I´ve just received a new book that I bought in Amazon because it seems to be very interesting for my project.
It´s not the first book I read since I started this project, the other was a smaller one but also with a lot of useful information. In fact, some of the thoughts that I´ve written are based in the other book. That book is: "More than a Label".
The thing is that this book although it has a lot of interesting things, it´s oriented to principaly highschool´s people in USA. And the label thing it´s not only a problem of the teenagers, it´s true that in the high school it´s when it becomes to start. Maybe this teen thing implicit in the book it´s because it´s been written by a sixteen years-old girl. By the by, a very smart girl.
So, looking through the internet I found this new book, that apart that it´s written by a sociologist women, for the moment, it seems to be more focus on people from different ages and countries. Somehow i´ll be informing you about what interesting things I´m reading in this new book. I hope it´ll interested you as much as it does to me.
(Also the cover it´s really nice, isn´t it?)
Curious fact of the day: The name of Brugges (that fantastic city of Belgium) in spanish it´s Brujas that literally means witches. The spanish name of this town in northem Belgium has its origins in the Spanish presence in Flanders, a few centuries ago. At that time, and yet is still made, was very fashionable to translate all the names so that their pronunciation was a little bit more affordable for the spanish.
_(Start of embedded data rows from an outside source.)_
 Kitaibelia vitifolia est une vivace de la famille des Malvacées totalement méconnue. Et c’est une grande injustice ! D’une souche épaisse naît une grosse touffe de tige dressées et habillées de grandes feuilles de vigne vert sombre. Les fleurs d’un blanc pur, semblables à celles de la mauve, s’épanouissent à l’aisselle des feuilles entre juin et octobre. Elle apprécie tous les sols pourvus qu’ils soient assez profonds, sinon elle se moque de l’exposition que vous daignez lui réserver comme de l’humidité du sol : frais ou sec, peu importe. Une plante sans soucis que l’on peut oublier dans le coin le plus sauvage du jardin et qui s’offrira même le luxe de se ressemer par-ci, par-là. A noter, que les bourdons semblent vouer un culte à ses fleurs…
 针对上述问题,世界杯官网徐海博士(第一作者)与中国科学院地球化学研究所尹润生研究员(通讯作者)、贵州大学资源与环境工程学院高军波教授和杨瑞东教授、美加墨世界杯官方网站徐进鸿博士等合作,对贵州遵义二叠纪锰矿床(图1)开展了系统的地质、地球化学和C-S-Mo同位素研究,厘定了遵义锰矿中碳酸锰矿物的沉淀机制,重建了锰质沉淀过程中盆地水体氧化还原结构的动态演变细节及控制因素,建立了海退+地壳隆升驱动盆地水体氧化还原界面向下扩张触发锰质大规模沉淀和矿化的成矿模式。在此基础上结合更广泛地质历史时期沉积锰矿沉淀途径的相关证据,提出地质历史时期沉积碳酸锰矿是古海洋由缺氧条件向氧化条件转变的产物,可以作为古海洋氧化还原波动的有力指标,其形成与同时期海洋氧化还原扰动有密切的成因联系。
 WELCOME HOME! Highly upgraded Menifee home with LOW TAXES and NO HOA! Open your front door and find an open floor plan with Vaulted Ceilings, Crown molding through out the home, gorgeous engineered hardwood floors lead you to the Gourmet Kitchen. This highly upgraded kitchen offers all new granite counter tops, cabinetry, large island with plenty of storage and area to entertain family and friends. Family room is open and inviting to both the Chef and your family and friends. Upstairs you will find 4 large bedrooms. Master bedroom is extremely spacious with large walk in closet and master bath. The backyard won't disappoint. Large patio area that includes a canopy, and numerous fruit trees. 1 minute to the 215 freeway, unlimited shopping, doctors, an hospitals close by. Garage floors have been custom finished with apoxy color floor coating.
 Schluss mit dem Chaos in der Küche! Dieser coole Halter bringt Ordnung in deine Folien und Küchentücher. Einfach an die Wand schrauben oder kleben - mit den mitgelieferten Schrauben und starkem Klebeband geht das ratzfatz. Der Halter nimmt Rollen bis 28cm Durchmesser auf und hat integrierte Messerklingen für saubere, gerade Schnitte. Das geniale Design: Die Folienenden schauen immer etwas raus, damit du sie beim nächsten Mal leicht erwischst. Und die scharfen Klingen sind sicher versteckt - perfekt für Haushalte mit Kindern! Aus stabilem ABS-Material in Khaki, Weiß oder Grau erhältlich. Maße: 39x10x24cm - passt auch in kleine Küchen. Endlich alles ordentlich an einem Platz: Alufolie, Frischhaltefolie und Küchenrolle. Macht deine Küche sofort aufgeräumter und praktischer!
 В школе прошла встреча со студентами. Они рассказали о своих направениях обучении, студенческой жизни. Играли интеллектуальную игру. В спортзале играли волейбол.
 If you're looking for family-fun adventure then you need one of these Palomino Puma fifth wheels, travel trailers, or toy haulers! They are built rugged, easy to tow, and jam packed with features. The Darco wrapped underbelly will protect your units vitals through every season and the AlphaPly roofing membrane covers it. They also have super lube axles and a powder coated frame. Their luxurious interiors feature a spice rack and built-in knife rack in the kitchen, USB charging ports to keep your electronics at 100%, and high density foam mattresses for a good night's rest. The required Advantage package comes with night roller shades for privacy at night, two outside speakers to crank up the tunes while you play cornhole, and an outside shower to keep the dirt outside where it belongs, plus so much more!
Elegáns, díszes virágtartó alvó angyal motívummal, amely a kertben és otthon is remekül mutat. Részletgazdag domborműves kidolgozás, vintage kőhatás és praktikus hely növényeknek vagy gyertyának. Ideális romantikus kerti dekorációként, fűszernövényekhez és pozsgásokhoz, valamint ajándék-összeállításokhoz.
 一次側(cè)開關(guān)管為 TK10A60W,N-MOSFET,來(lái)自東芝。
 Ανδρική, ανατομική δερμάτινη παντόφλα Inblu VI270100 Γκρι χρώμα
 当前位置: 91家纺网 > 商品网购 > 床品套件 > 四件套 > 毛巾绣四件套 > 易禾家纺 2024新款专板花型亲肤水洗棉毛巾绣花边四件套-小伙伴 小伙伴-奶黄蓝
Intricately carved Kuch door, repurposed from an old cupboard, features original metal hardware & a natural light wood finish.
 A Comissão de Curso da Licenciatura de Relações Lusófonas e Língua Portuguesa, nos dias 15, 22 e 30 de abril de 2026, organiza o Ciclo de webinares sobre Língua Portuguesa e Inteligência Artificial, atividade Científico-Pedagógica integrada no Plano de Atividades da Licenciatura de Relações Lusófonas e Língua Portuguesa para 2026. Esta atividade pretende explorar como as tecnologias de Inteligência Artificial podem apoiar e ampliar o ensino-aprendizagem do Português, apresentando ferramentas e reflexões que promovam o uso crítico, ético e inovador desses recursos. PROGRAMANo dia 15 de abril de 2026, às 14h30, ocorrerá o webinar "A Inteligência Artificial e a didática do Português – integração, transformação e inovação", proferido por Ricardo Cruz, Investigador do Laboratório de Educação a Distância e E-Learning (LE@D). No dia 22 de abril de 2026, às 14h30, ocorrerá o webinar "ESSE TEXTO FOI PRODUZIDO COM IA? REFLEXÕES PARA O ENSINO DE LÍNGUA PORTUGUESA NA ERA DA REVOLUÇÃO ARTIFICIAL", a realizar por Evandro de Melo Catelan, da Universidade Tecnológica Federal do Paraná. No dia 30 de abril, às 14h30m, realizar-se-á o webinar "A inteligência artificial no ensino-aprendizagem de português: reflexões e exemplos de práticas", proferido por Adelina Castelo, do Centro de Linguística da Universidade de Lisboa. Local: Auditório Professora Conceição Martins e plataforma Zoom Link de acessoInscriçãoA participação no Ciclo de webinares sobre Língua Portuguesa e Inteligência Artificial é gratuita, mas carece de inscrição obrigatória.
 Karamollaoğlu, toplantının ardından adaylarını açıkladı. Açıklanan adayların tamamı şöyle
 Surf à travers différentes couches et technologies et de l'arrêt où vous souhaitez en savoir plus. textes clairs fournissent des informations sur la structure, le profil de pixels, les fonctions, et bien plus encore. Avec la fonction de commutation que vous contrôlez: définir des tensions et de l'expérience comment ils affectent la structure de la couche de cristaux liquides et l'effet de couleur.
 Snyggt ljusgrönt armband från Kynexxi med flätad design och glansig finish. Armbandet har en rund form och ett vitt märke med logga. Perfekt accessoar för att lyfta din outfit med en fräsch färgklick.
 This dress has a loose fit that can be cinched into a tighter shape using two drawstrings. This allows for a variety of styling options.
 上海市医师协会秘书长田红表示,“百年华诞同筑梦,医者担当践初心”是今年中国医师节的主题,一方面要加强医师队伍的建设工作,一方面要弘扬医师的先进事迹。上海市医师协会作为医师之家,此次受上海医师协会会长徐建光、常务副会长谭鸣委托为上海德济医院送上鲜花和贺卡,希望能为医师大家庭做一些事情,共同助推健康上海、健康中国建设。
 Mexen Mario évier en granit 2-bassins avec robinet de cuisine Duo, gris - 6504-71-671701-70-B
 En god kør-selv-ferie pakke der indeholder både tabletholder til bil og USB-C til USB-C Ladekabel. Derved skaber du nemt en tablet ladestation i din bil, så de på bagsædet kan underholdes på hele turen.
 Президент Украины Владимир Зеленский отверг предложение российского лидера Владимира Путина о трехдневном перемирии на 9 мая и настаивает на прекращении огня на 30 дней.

So when the soldiers of the spanish troops arrived in this lands and heard the name in Flemish /Dutch, which is Brugge decided that because it was "similar"(everything is subjective in this life) Brugge would become Brujas in the spanish maps.
So the spanish name has no association with any property of the city. By contrast, the name in Dutch/ Flemish does. Brugge derives from Bruggen, that means bridges, and this that could see everyone who has visited the city it´s something that surrounds you in the streets of Brugges.
Now, I feel a little unconfortable every time I pronounce the name of this city in spanish.